I waited numbly while a border guard type person scrutinised my passport, and stamped his approval to my entering his country. I hefted my bag onto my shoulder and walked through into the belly of the airport.

Marcus and Julia were waiting for me in the arrivals area. Marcus grinned his greeting, and Julia smiled, and suddenly I felt inexplicably better. They didn't seem at all worried about the outcome of the situation that was unfolding back in the UK. And their lack of concern was both reassuring and contagious. They knew Angus and Oliver, and they knew that the outcome would be in their favour, and for a while that was enough for me.

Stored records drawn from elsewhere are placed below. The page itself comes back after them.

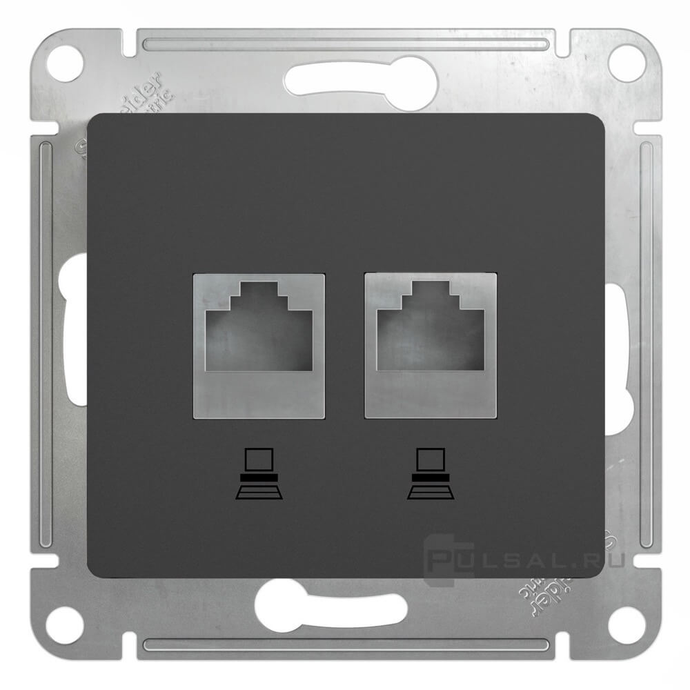 Glossa, без шторок, с заземлением, одинарная, винтовые клеммы, цвет - антрацит
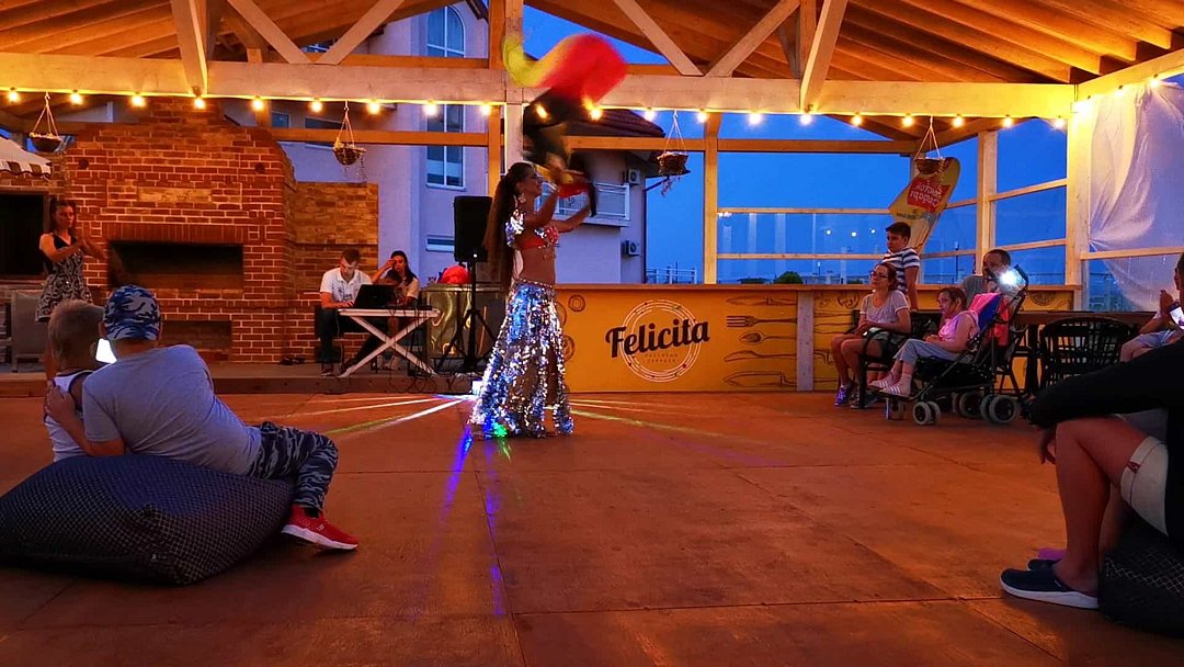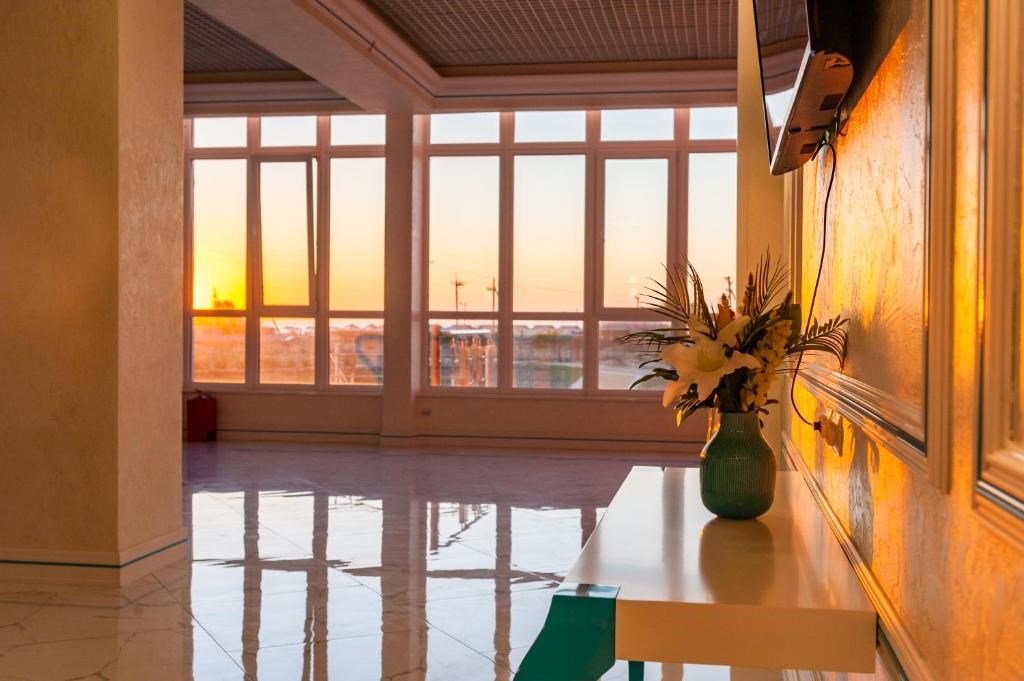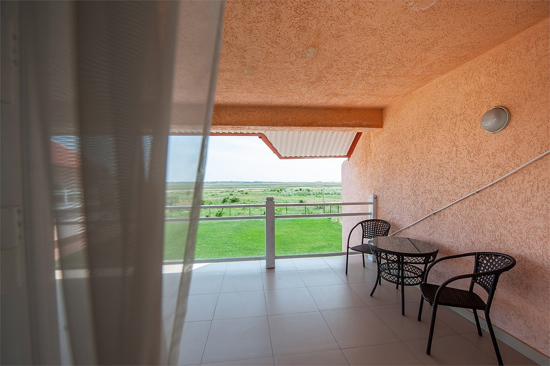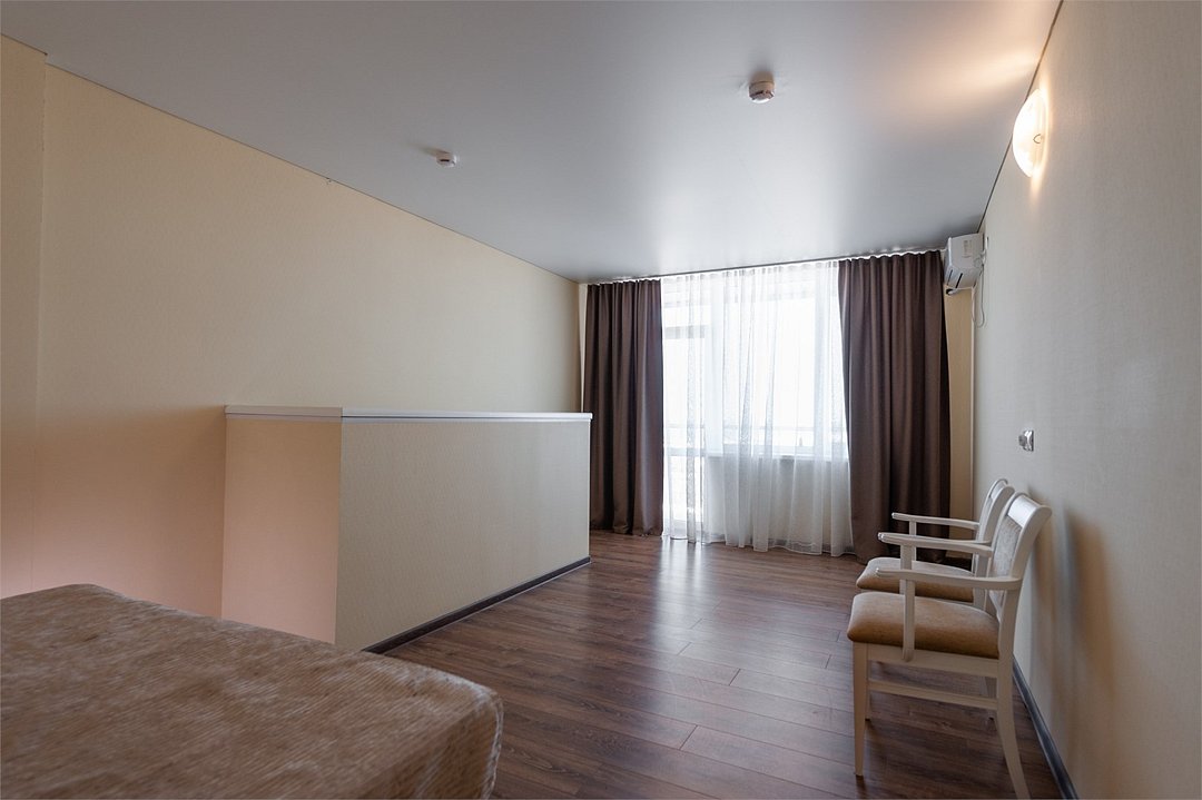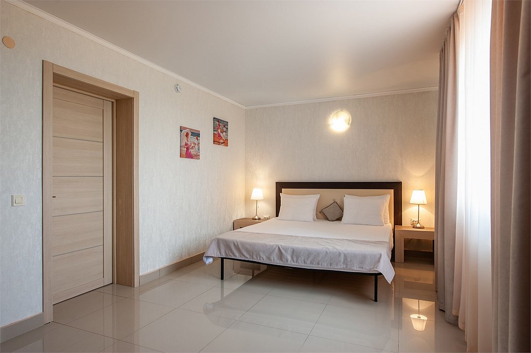 Площадь номеров Полулюкс 27 м2. С больший террасой 20м2. Номер рассчитан на 2-х человек с возможностью предоставления дополнительного места (наличие возможности предоставления дополнительного места и стоимость уточняйте у администратора). Во всех номерах есть санузел, душ, двуспальная кровать, вешалка, письменный стол, чайный столик со стульями, холодильник, плоский ЖК-телевизор диагональю 40 дюймов, чайник, сплит-система, бесплатный интернет. Также в стоимость номера входит: обогреваемый бассейн, детская площадка, детская игровая комната с аниматорами, игровые приставки Сони PS4, настольный теннис, парк аттракционов, анимационные программы для детей и взрослых, вечерние шоу-программы, аквааэробика в бассейне и на море, уроки танца, оздоровительные дыхательные упражнения на рассвете, и йога на закате у моря, зона барбекю, охраняемая автостоянка, шезлонги. При отеле есть кафе (система питания шведский стол) завтрак, обед, ужин оплачивается отдельно, дети до 5 лет - бесплатно.Услуги и удобства
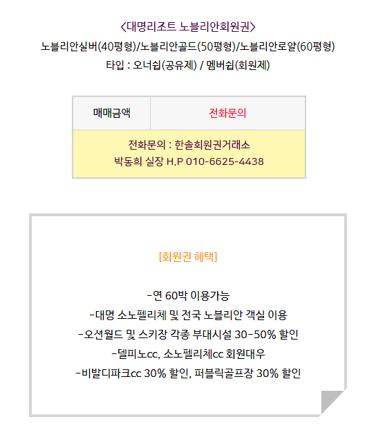 대명리조트 노블리안회원권 시세 및 혜택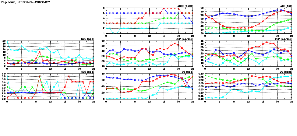 | Air Quality Data Time Series in Tap Mun (2018/04/27) | ( Line colors: Day -3 Day -2 Day -1 Current day ) | 2D Map Current AQHI |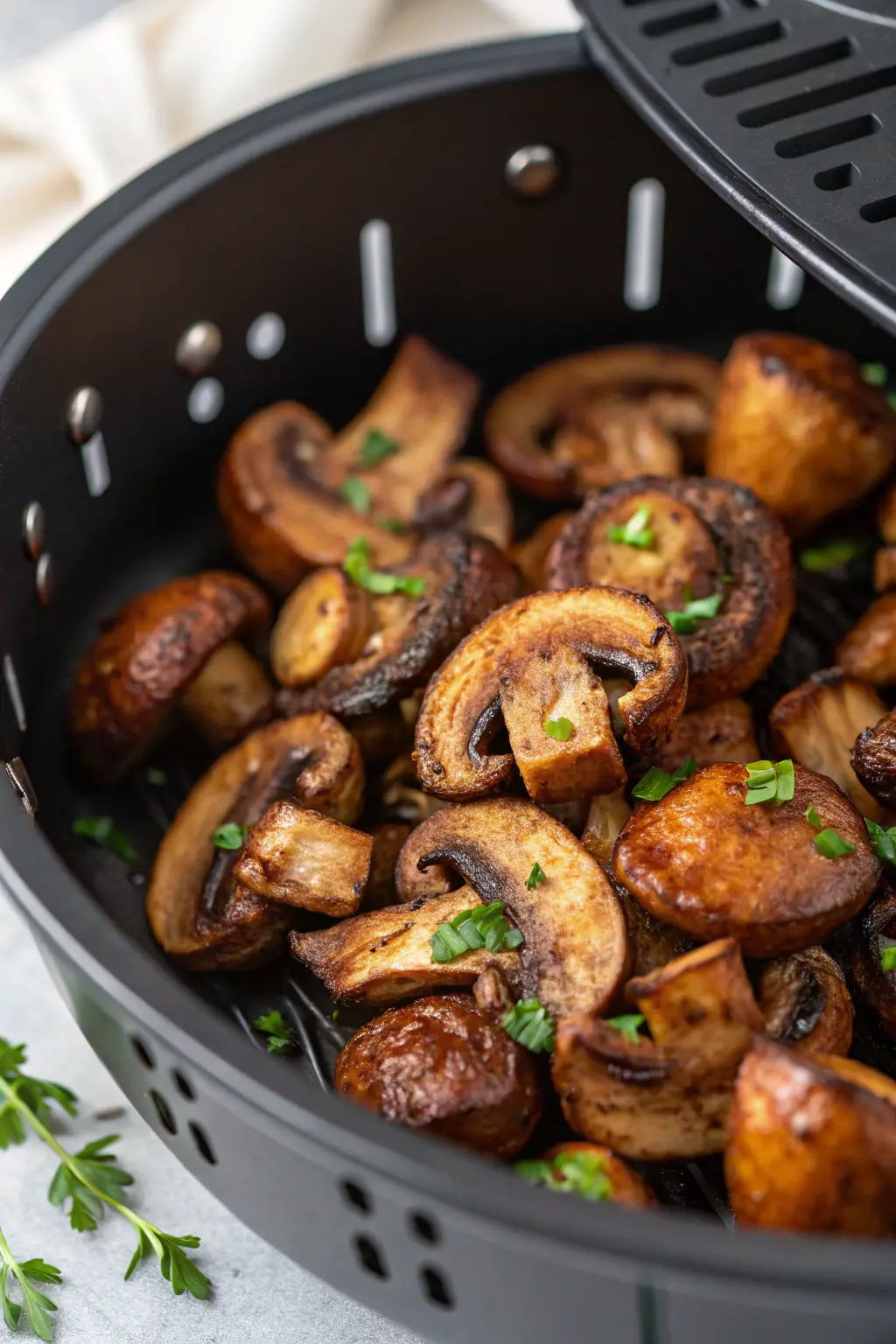 - Place the seasoned mushrooms in the air fryer basket in a single layer.

I told them as much of it all as I knew on the trip to the Byrne property, which turned out to be about a hundred miles north of the airport, and really close to the Finnish border. Marcus asked loads of questions, and I answered them as best I could. Julia asked about the box in my hands, and I explained how we had obtained our ill-gotten gains, and what it contained. She seemed delighted, and immediately offered to help me categorise them.

"I love looking at old photos," she told me excitedly. "I lived through those times, and old photos are so evocative. They bring back so many memories."

"Absolutely," I told her once I'd got over the idea that she could count her age in centuries. "I could really use the help. I know nothing about the way people used to dress in those days, so I'm really struggling to figure out exactly how old some of those pictures are. Plus I've only got through about half of them."

She nodded, and seemed satisfied with my response. I was quite pleased that she had offered her help. It was a long shot, but she might recognise some of the faces in the photographs. And if they didn't ring any bells for her, then at least she'd be able to give me an idea of how old the photos were. It was something to do while we waited for Angus and Oliver and Fergus to save my brother.